Menurut Co-founder 8 Villages Sanny Gaddafi (Saga), untuk mencari partner yang cocok perlu lebih dari limakali pertemuan. Dia juga menyarankan agar tidak menjadikan sahabat sebagai partner kerja.
Lebih dari itu, Saga berpendapat bahwa partner harus dapat saling melengkapi dan harus memiliki visi dan misi yang sama sehingga dapat menciptakan start up yang tidak hanya biasa-biasa saja, tetapi luar biasa.
"Cari yang dapat mengisi ke kosongan kamu, cari yang 1+1 bukan sama dengan 2, tapi 11," kata Saga.
Untuk mendirikan start up dibutuhkan setidaknya tiga orang yang bertindak sebagai Hacker (mengurusi bagian IT), Hipster (mengurusi bagian desain) dan Hustler (mengurusi bagian bisnis), oleh karena itu, Saga juga menyarankan untuk mencari partner dari latar pendidikan atau keahlian yang berbeda.
Tidak hanya tentang teknis, ex-CEO Valadoo Jaka Wiradisuria mengatakan bahwa mencari partner juga membutuhkan feeling. "Lebih susah dari mencari pacar atau bahkan isteri," kata dia.
Lebih lanjut, menurut Jaka, untuk mencari partner yang tepat seseorang harus mengenal dirinya sendiri, baik dari sisi teknis maupun kepribadian.
"Dalam kepribadian ada core values yang kita punya.
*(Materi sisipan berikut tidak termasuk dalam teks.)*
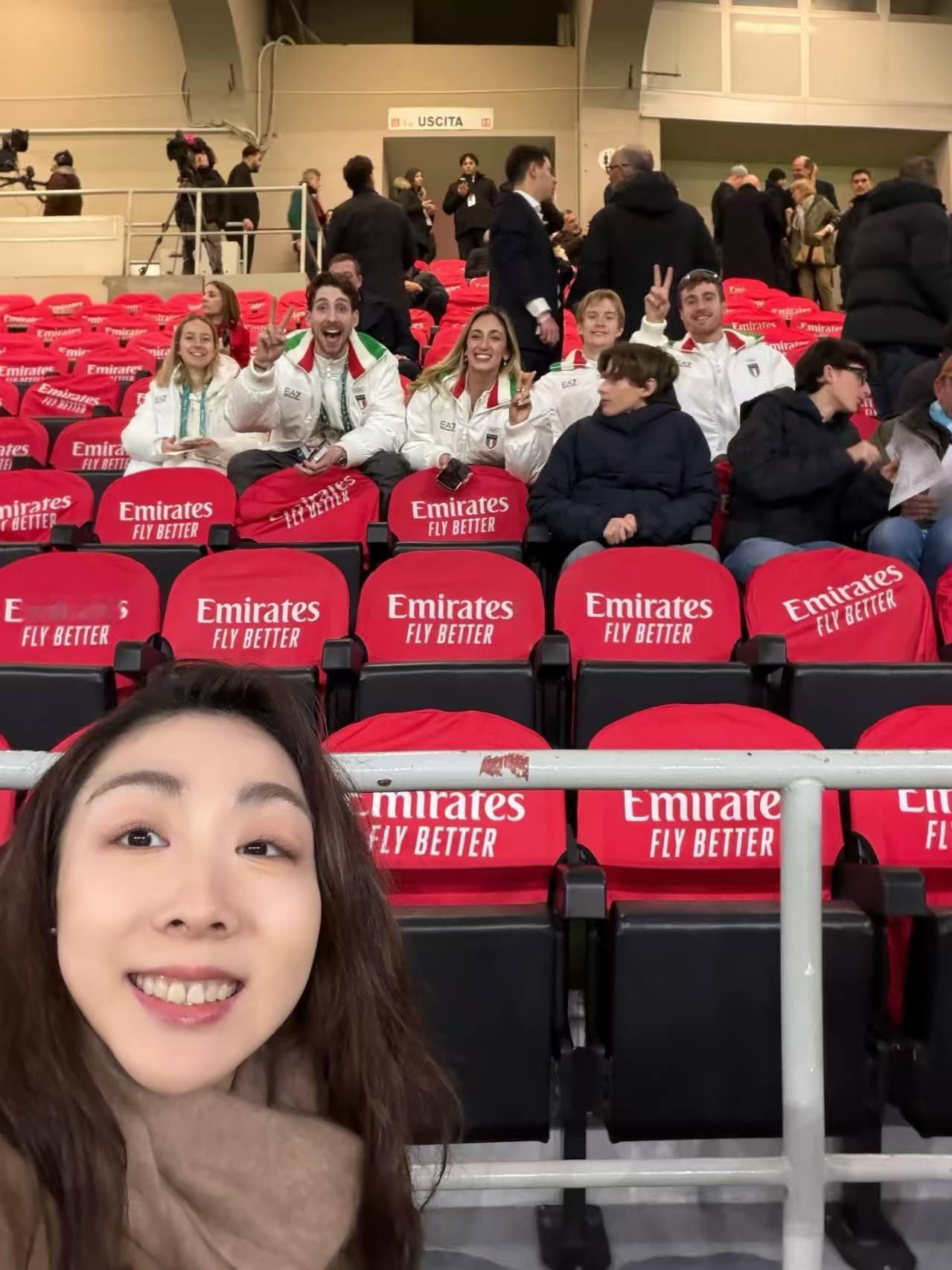 冬奥会 隋文静在全部比赛结束后,一身轻松,去了米兰的圣西罗球场,观看AC米兰的主场比赛,还获得了专属球衣!此刻皆不凡

Nilai-nilai itu juga harus dihargai oleh partner," ujar dia.
"Founder adalah partner in live, susah seneng akan bareng dia," tambah dia.
Berdasarkan pengalaman Co-founder Ohdio.FM Ario Tamat, dalam menginvestasikan uangnya, investor justru bertanya mengenai orang-orang yang berada di belakang start up dibandingkan dengan masalah teknis.
"Presentasi panjang lebar tentang start up, tapi dia (investor) malah tanya founder-nya siapa saja, latar belakangnya bagaimana," kata Ario.
Ketiga founder dari tiga start up tersebut berbagi pengalaman "jatuh bangun" mereka dalam acara Start Up Move On Fail Fast, Fail Forward di Jakarta, Sabtu.